A new chapter has been added to the story of a decades-long Saskatchewan aviation mystery.
This Saturday marks 63 years since a plane crashed into Peter Pond Lake in northern Saskatchewan. The plane was only discovered four years ago using sonar technology. Now a Toronto-based author has written a book about it.
“It’s such a unique and amazing story,” author Victoria Hetherington told CBC host Stefani Langenegger. The morning edition.
On August 20, 1959, pilot Ray Gran and conservation officer Harold Thompson flew from Buffalo Narrows, Sask., to La Loche, Sask. En route, their Cessna 180 crashed into Peter Pond Lake, located near Buffalo Narrows, about 460 kilometers northeast of Saskatoon.
Gran and Thompson died in the crash. The events that took place on that August day remained a mystery for years.
The plane was finally located in 2018 and transported to the Saskatchewan Aviation Museum and Learning Center in Saskatoon the following year.
Hetherington recounted the disappearance and discovery of the aircraft in a book titled In the mist: in search of CF-JDO.
Hetherington says a CBC article on the Gran and Thompson families’ mission to find them first alerted her to the plane crash and eventually got her to write the book.
“I thought, ‘God, I have to write about this,'” she said.
“By chance I was put in touch with the family and they trusted me with the story, which is so kind and so wonderful and I appreciate that so much.”
Hetherington spent three years writing the book, which will be launched Saturday morning at the aviation museum.
“I was so struck by the love, courage and incredible ingenuity of the family and everyone involved,” Hetherington said.
Hetherington interviewed several experts, including museum founder and former pilot Dorrin Wallace.

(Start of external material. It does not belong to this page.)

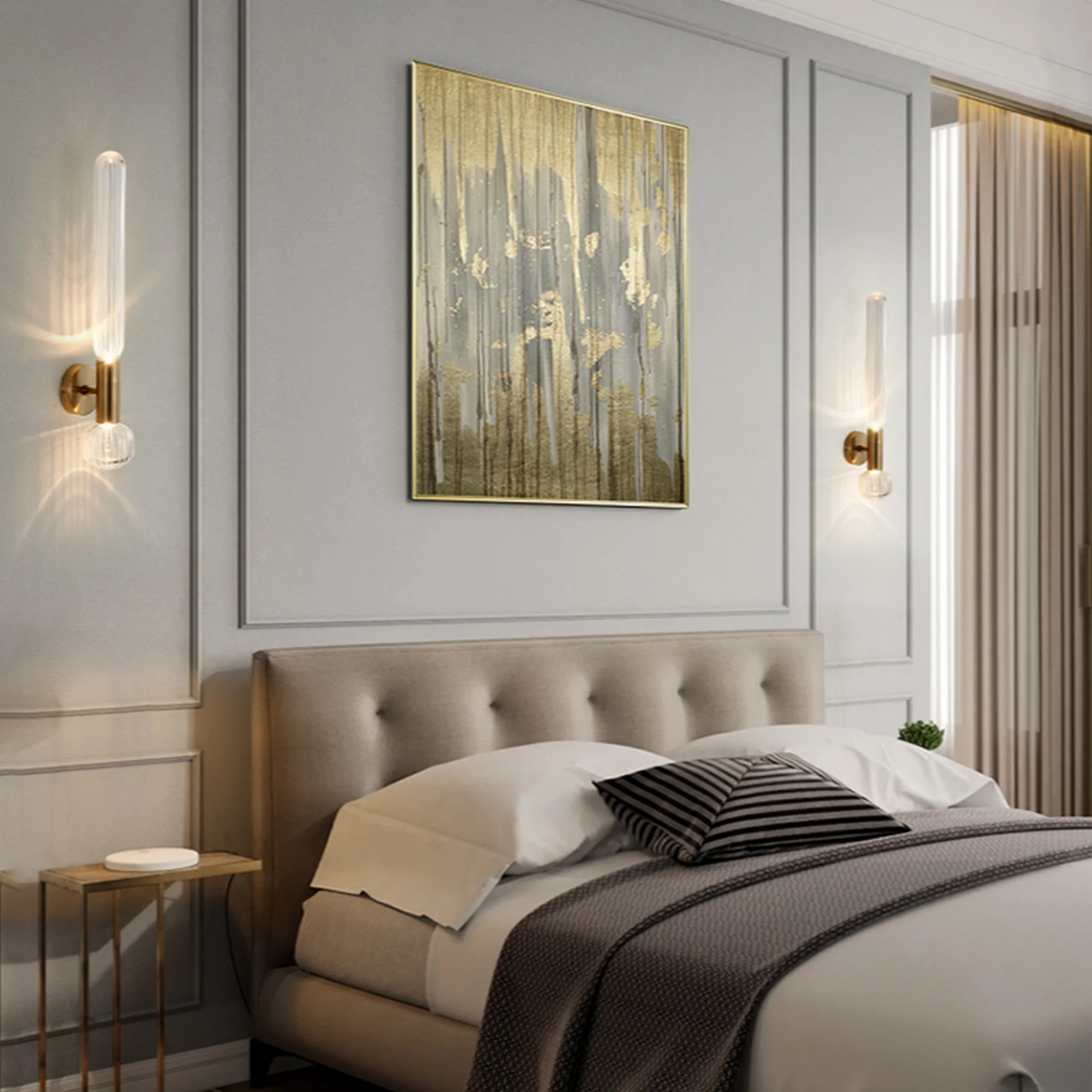 The transparent construction of this wall lamp creates a stunning visual effect, allowing light to diffuse through the shade and cast captivating shadows on the surrounding walls. The result is a truly mesmerizing display that adds depth and ambiance to your room.

Wallace moved to Buffalo Narrows seven years after the accident.
“I always wondered if this mystery would be solved, number one. And number two, in aviation, it was always important to find out what happened so that we didn’t make these mistakes again,” he said. declared.
He was there on the ice of Peter Pond Lake the day the plane was found.

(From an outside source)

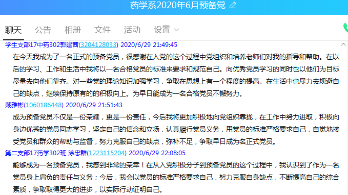 6月29日,藥學系各黨支部組織召開線上支部黨員大會,討論接收13位師生黨員發展對象為中共預備黨員。經宣讀入黨志愿書、入黨培養人介紹發展對象情況、對發展對象進行評議、投票表決等環節,13 位同志順利通過黨組織審核,成為中共預備黨員。會上,新發展的預備黨員們紛紛發表入黨感言,表明入黨決心。

“It was kind of a spiritual moment when that plane came out of the water,” Wallace said.
Hetherington says she is struck by the “incredible tenacity” of Gran and Thompson’s families. She says they spent several decades never losing hope.
She says their story is also one of endearing love, noting that Gran’s wife, Marcella, never remarried.
Marcella died in 2018 before the plane was found. She and Gran were buried together after the RCMP recovered her remains from the lake.
Hetherington hopes her book can offer closure to the family.
“I hope…the amount of care and passion everyone has shown in their dedication to history is meaningful to the family,” she said.